Chapter 28
AMELIA
I stayed in the motel bed all day yesterday.
Caiden tried to tell me to eat, to cry, to do something, but I simply laid there. He gave up and went out to do his own thing.
Today was the day that I had been dreading. My mother’s funeral.
I had been restless all night. Drowned by nightmares and sweat.
When we were in bed, Caiden laid on the far end of the bed, while I laid on the other end. He still hadn’t told me why he only got one bed. I thought he might try to use the opportunity to feel me up, but he did not.
He laid there, quietly, unmoving, but he was there.
I was grateful for it.
My lipstick was the wrong color, and my lips did not belong to me. The dress I’d brought was black, but not the right black. The glossy kind, synthetic and abrasive, not the black of true mourning.

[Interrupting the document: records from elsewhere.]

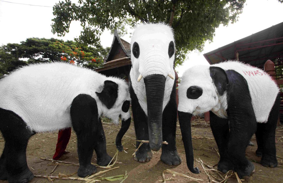 据英国媒体报道,近日,泰国因一只刚出生的熊猫陷入热潮,泰国还准备向公众征集熊猫幼崽的名字。几只大象也“妆扮”成熊猫的模样,借此吸引人们的关注。
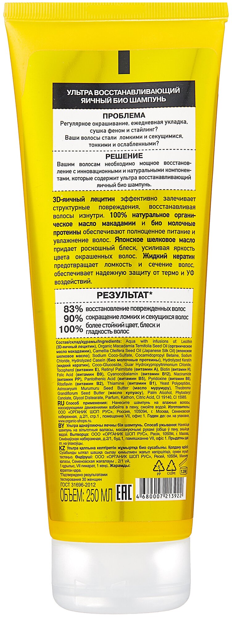 Шампунь Organic Shop "Био-шампунь Egg Organic Naturally Professional", яичный, ультра восстанавливающий, 250 мл интересное:
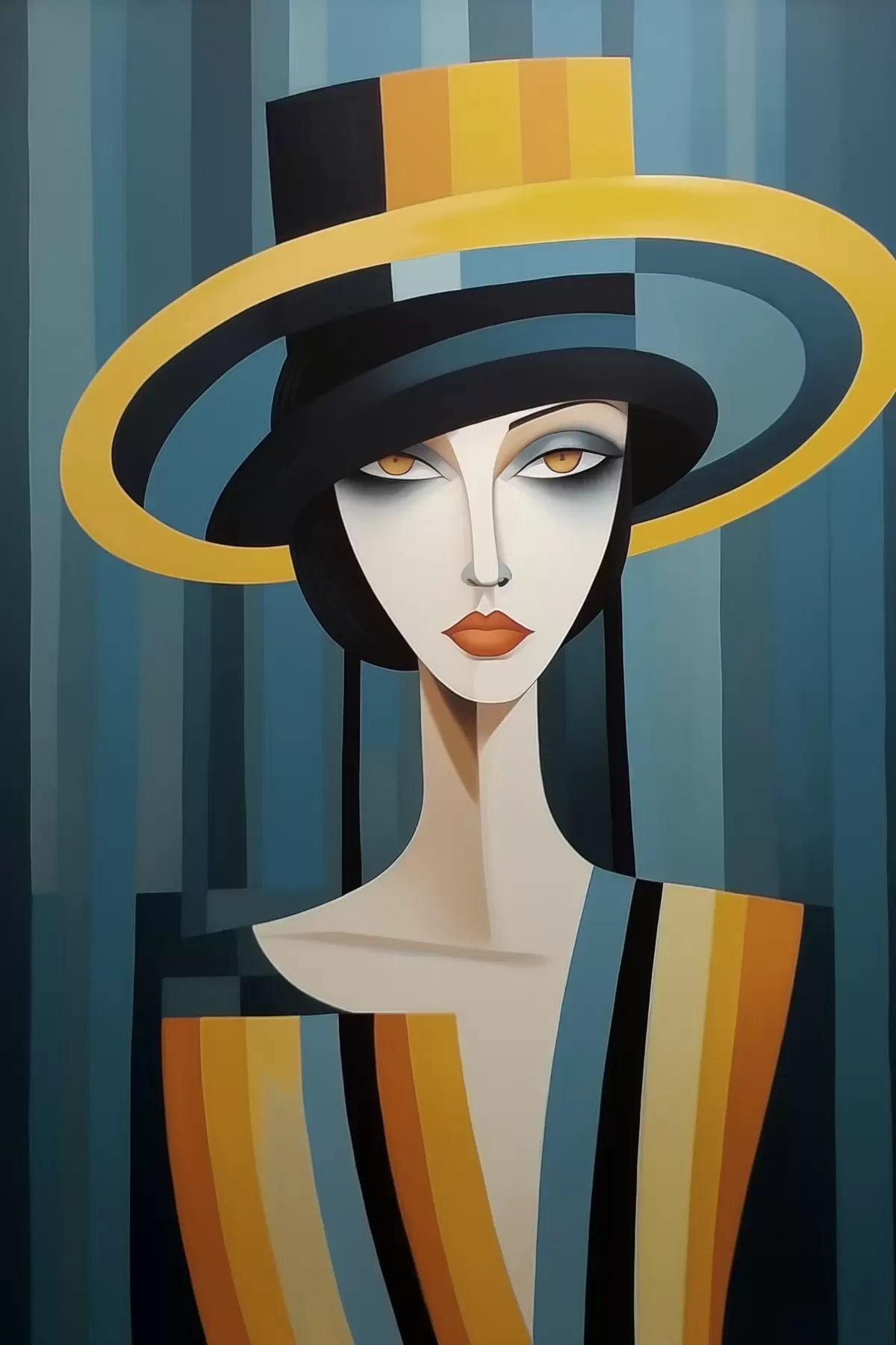 Poster Abstraktne portree naisest mütsiga Nr f44990
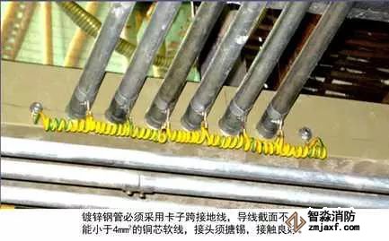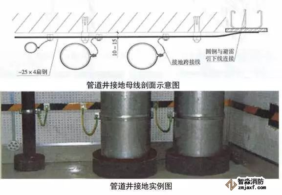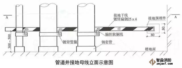 7、高層建筑管道頂部和底部接地:有接地預(yù)埋鋼板或垂直接地母線(xiàn)上引接接地母線(xiàn),接地母線(xiàn)距地300~500mm,距墻10~15mm,并間隔100mm刷45°斜向黃綠相間油漆。將于管徑相匹配的接地抱箍安裝于管道上,抱箍必須與金屬體緊密接觸,編織軟銅線(xiàn)一端與抱箍連接,另一端與接地母線(xiàn)連接,螺栓連接處應(yīng)加平墊片和彈簧墊片。DN≥100mm時(shí),采用10mm²編織軟銅線(xiàn),DN≤80mm時(shí),采用4mm²編織軟銅線(xiàn)。
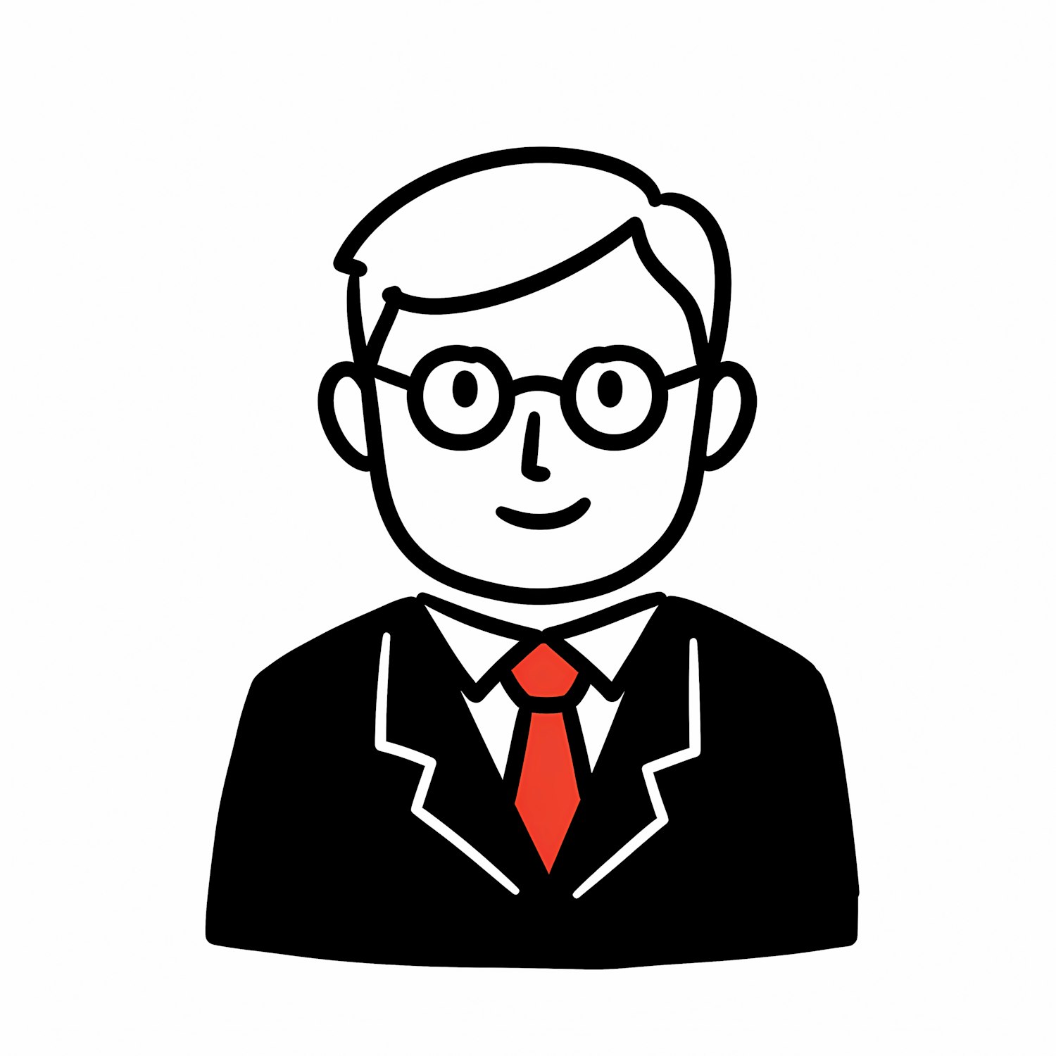 Minimalistic illustration of a person in a suit with glasses and a red tie, featuring bold lines and a clean design.
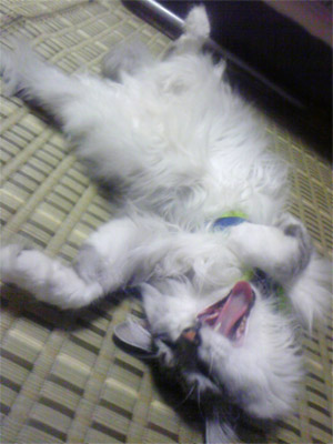 寝てるとね、こう、腕やら足やら背中やらに乗ってね、前肢で踏み踏みするんですよ。
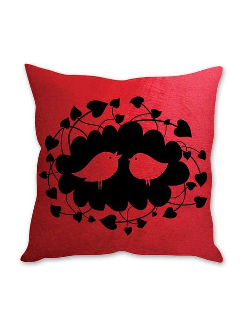 - » love birds printed red velvet cusion cover

I fingered the hem, feeling the static snap under my palm. My arms looked thin and frail as I stared at myself through the mirror.
When the knock came at the door, I let it go unanswered for several minutes, until the banging shifted from “gentle” to “please don’t make me break down this door.”
I shuffled to open it.
Caiden stood there, his eyes widening for a moment when he saw me.
I almost did the same.
He wore jeans and a button-up collared shirt, the sleeves rolled up exposing his strong forearms. For a moment, I forgot we were about to go to my mother’s funeral, and I had the urge to reach out and stroke the skin on his arms.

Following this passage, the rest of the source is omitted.